Task requirements = Give exactly the lines from the one with "広い歩道の歩きやすい港周辺から ひなびた昔ながらの商店街まで足を延ばすと 良い運動になるくらいの距離でした。" through the final line of the listing below, both included, leaving out any pictures.

Start of Block

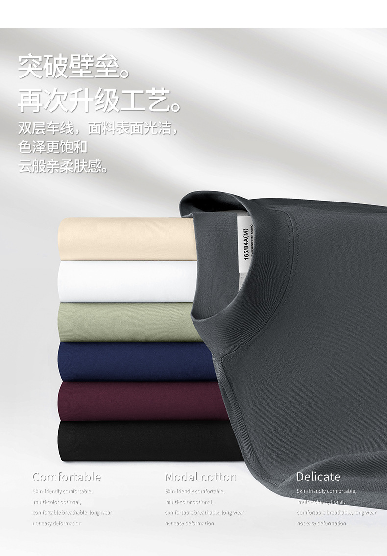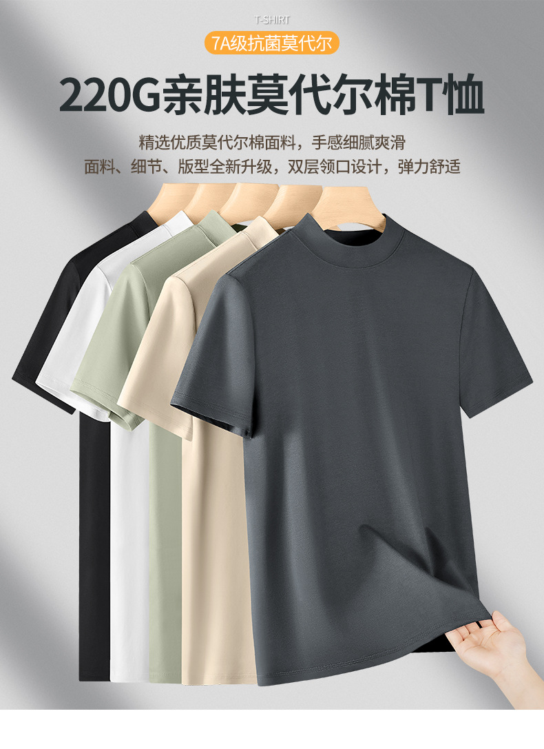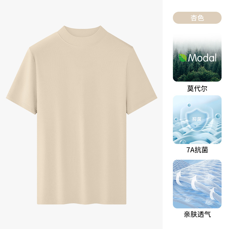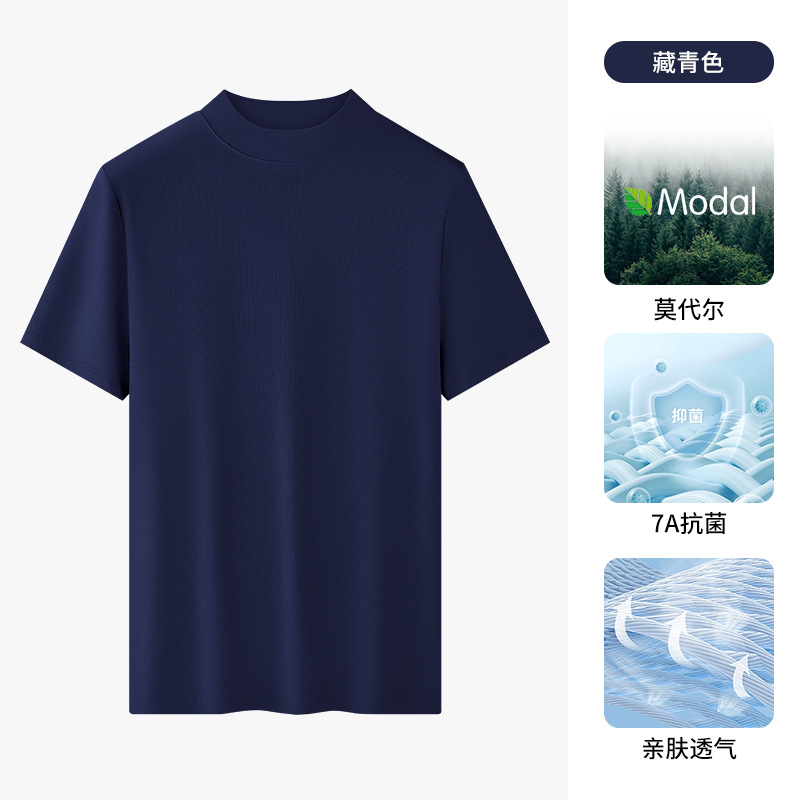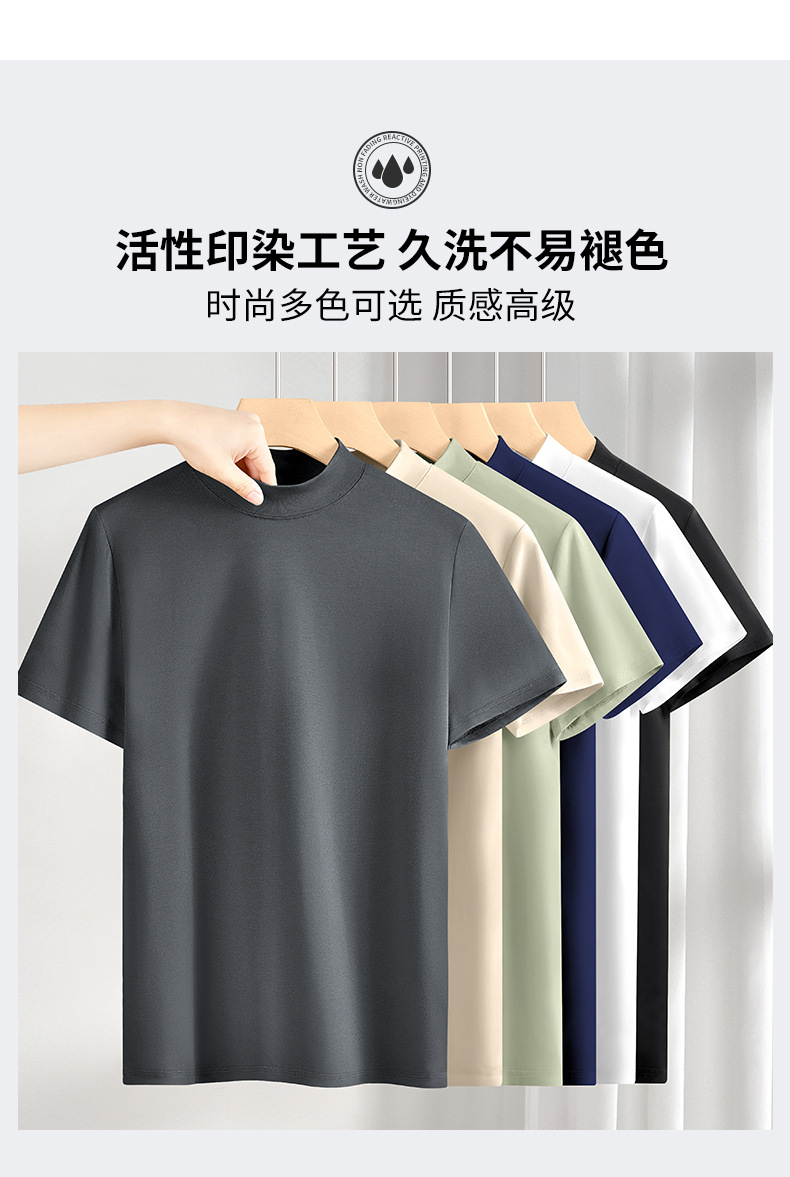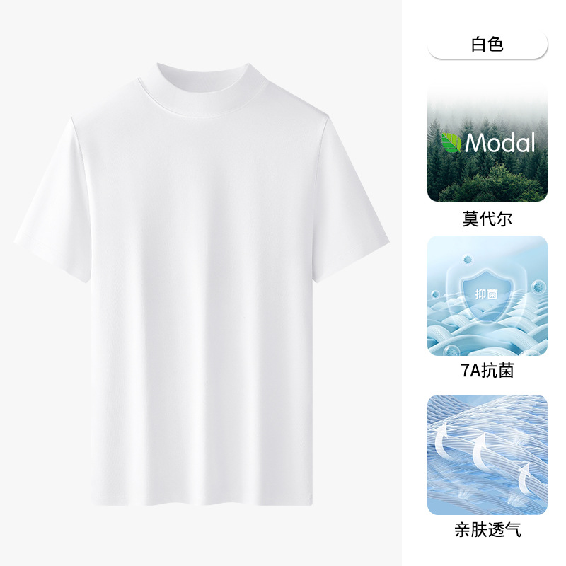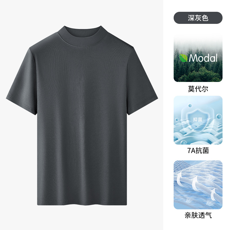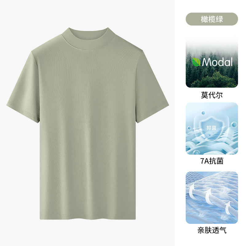 모달 하프 터틀넥 반팔 남성 티셔츠 머서라이즈 코튼 반팔 신형 항균 바닥 셔츠 남성용 미드 칼라 봄 여름 티셔츠
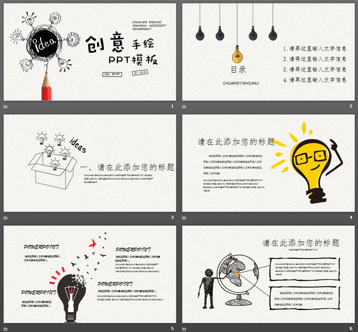 关键词:铅笔手绘PPT模板,创意电灯、灯泡PPT背景图片。.PPTX格式;
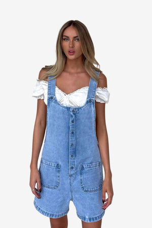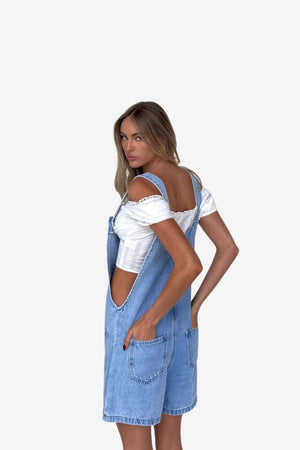 Women's Denim Dungaree Shorts - Loose Fit, Adjustable Straps
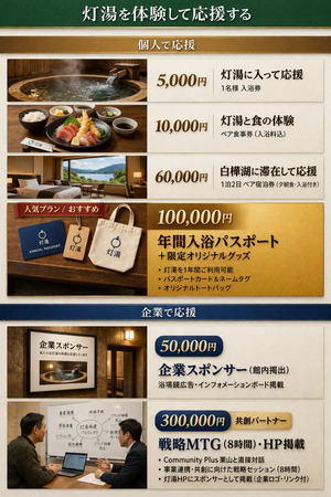 現在実施中のクラウドファンディングでは、旧「白樺湖温泉すずらんの湯」の常連、地域の別荘等保有者、近隣のスキー場利用者、地域事業者からの支援も受け、開始から1週間でファーストゴールの150万円を達成。現在は、原油・物価高の昨今においても地域や常連の人に「使いやすい」温泉・地域拠点を維持するため、ネクストゴールの300万円を目指している。
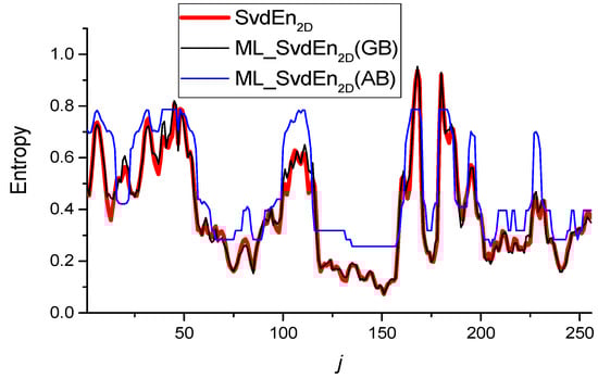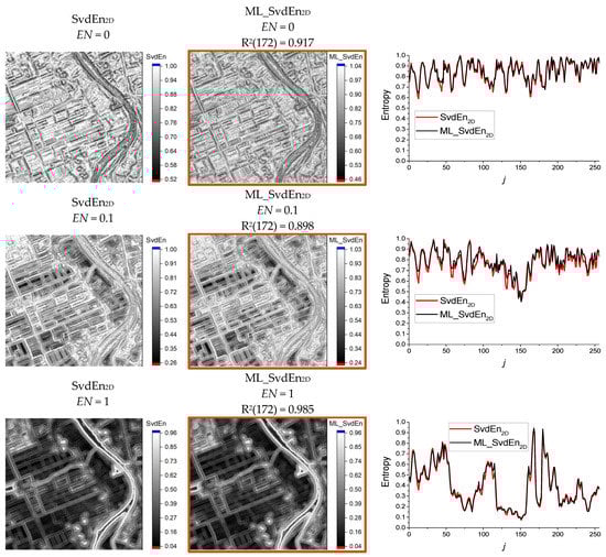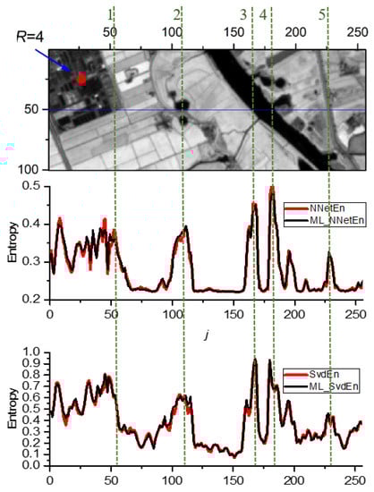 A comparison of the distribution of SvdEn2D and ML_SvdEn2D entropies for image No. 172 is shown in Figure 17, which also shows a comparison of the horizontal profiles of SvdEn2D and ML_SvdEn2D for i = 50.
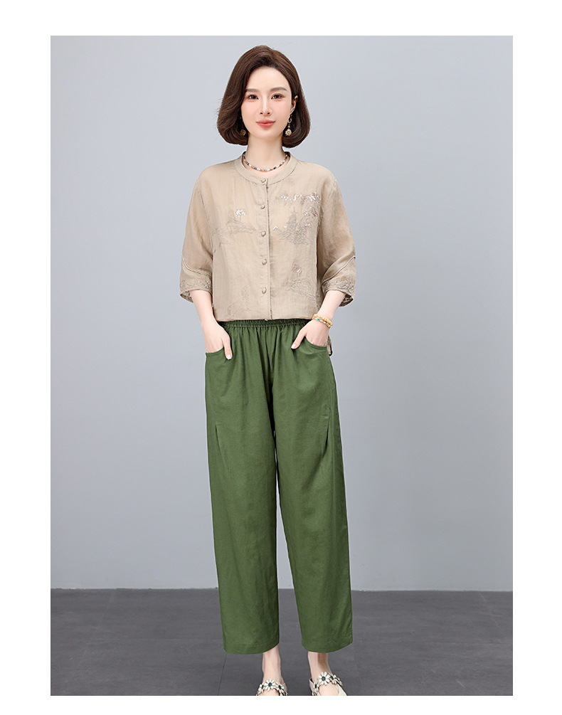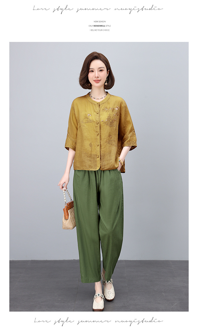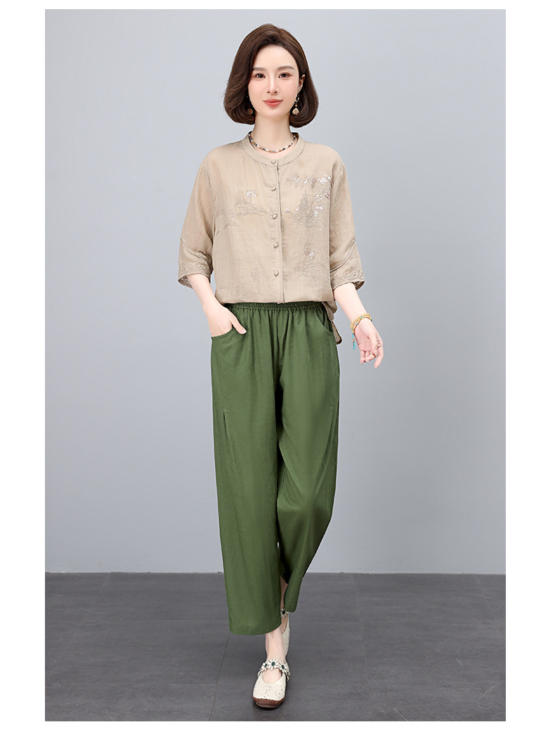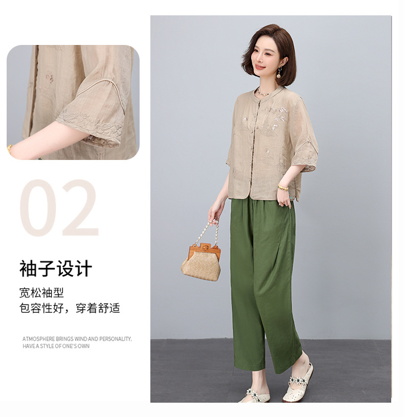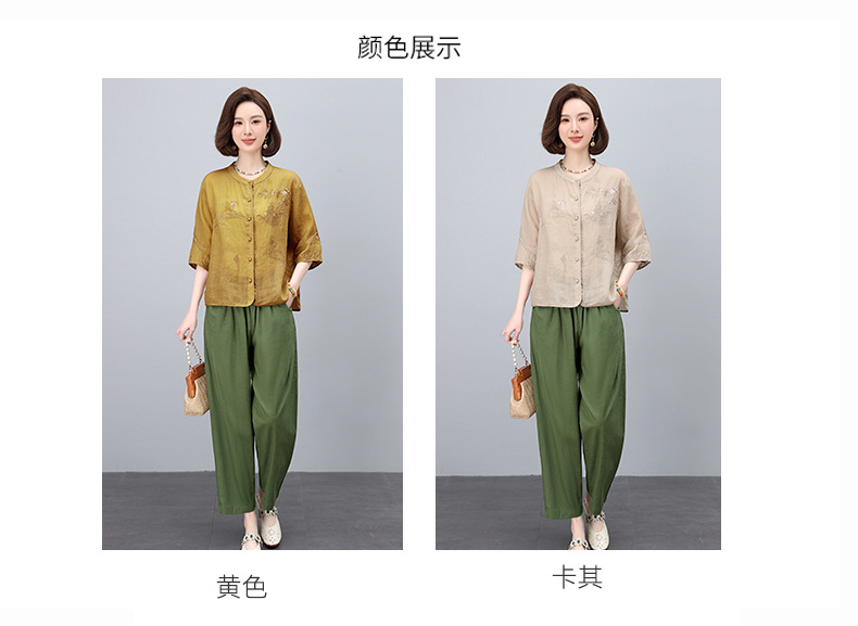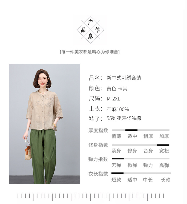 高端面料,刺绣纯苎麻妈妈两套装NJL2609
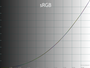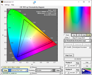 Первоначальная проверка осуществлялась при заводских настройках дисплея в режиме Пользовательский. По представленным скриншотам видно, что две опорные точки из трёх заметно сдвинуты в пространстве относительно стандартного цветового стандарта sRGB, превосходя его на многих участках. В сравнении с ещё более широким AdobeRGB монитор проигрывает ему на зелёных и бирюзовых полутонах, но значительно опережает на красных, что является нормой для монитора подобного рода.
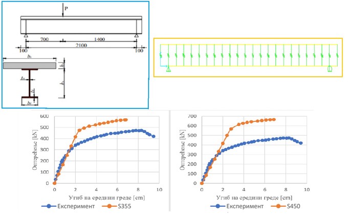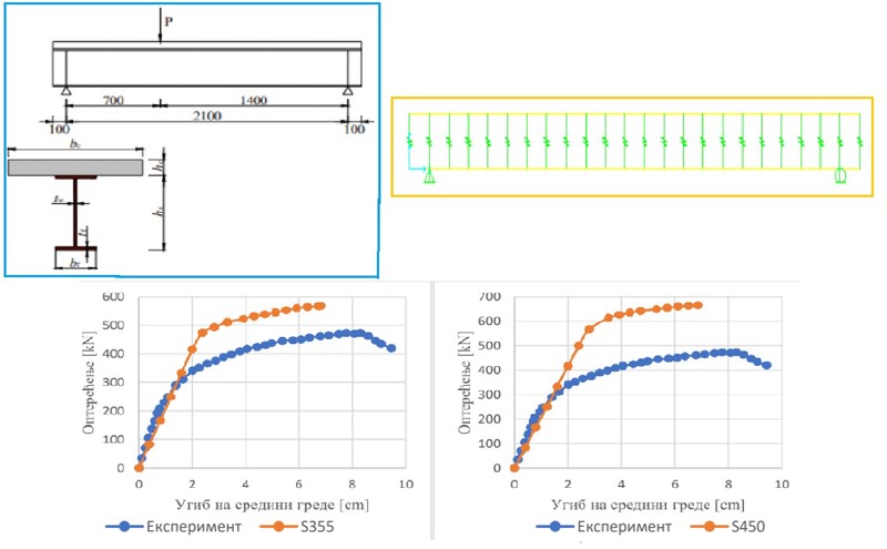 Rad je pisan sa ciljem da se definiše što jednostavniji model spregnute grede sa parcijalnim smičućim spojem u programskom paketu SAP2000 koji će biti dovoljno tačan da se primenjuje za određivanje inicijalne krutosti spregnute grede, kao i za određivanje granične nosivosti spregnute grede.Napravljen je model spregnute grede sa punim i parcijalnim smičućim spojem, a kao dokaz validnosti modela poslužili su eksperimentalni rezultati preuzeti od drugih autora. U radu je izvršen i proračun očekivanih ugiba i inicijalne krutosti spregnute grede sa parcijalnim smičućim spojem na osnovu obrazaca iz ES4 i obrazaca predloženih od strane drugih autora. Takođe je sprovedeno analitičko određivanje granične nosivosti na osnovu obrazaca iz ES4.Najmanja odstupanja ugiba od eksperimenta dobijena su na osonovu obrazaca iz ES4 i Britanskog standarda, dok su najmanja odstupanja inicijalne krutosti od eksperimenta dobijena primenom formula predloženih od strane Krisinela.
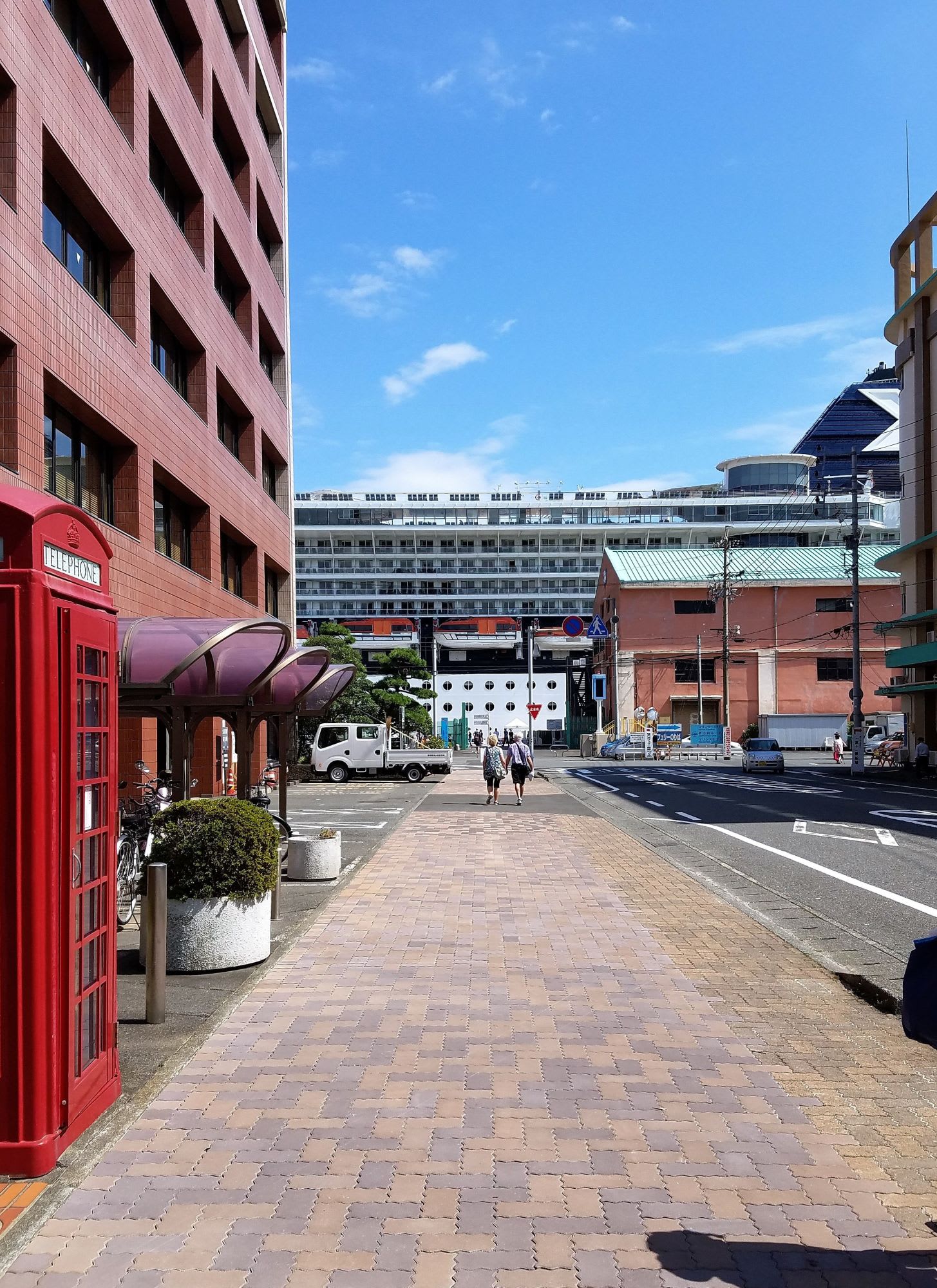 広い歩道の歩きやすい港周辺から ひなびた昔ながらの商店街まで足を延ばすと 良い運動になるくらいの距離でした。
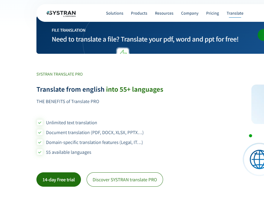 第一步,打开Systran Translate官网,进入“文档翻译”,上传PDF;

End of Block

Answer box =
 広い歩道の歩きやすい港周辺から ひなびた昔ながらの商店街まで足を延ばすと 良い運動になるくらいの距離でした。
 第一步,打开Systran Translate官网,进入“文档翻译”,上传PDF;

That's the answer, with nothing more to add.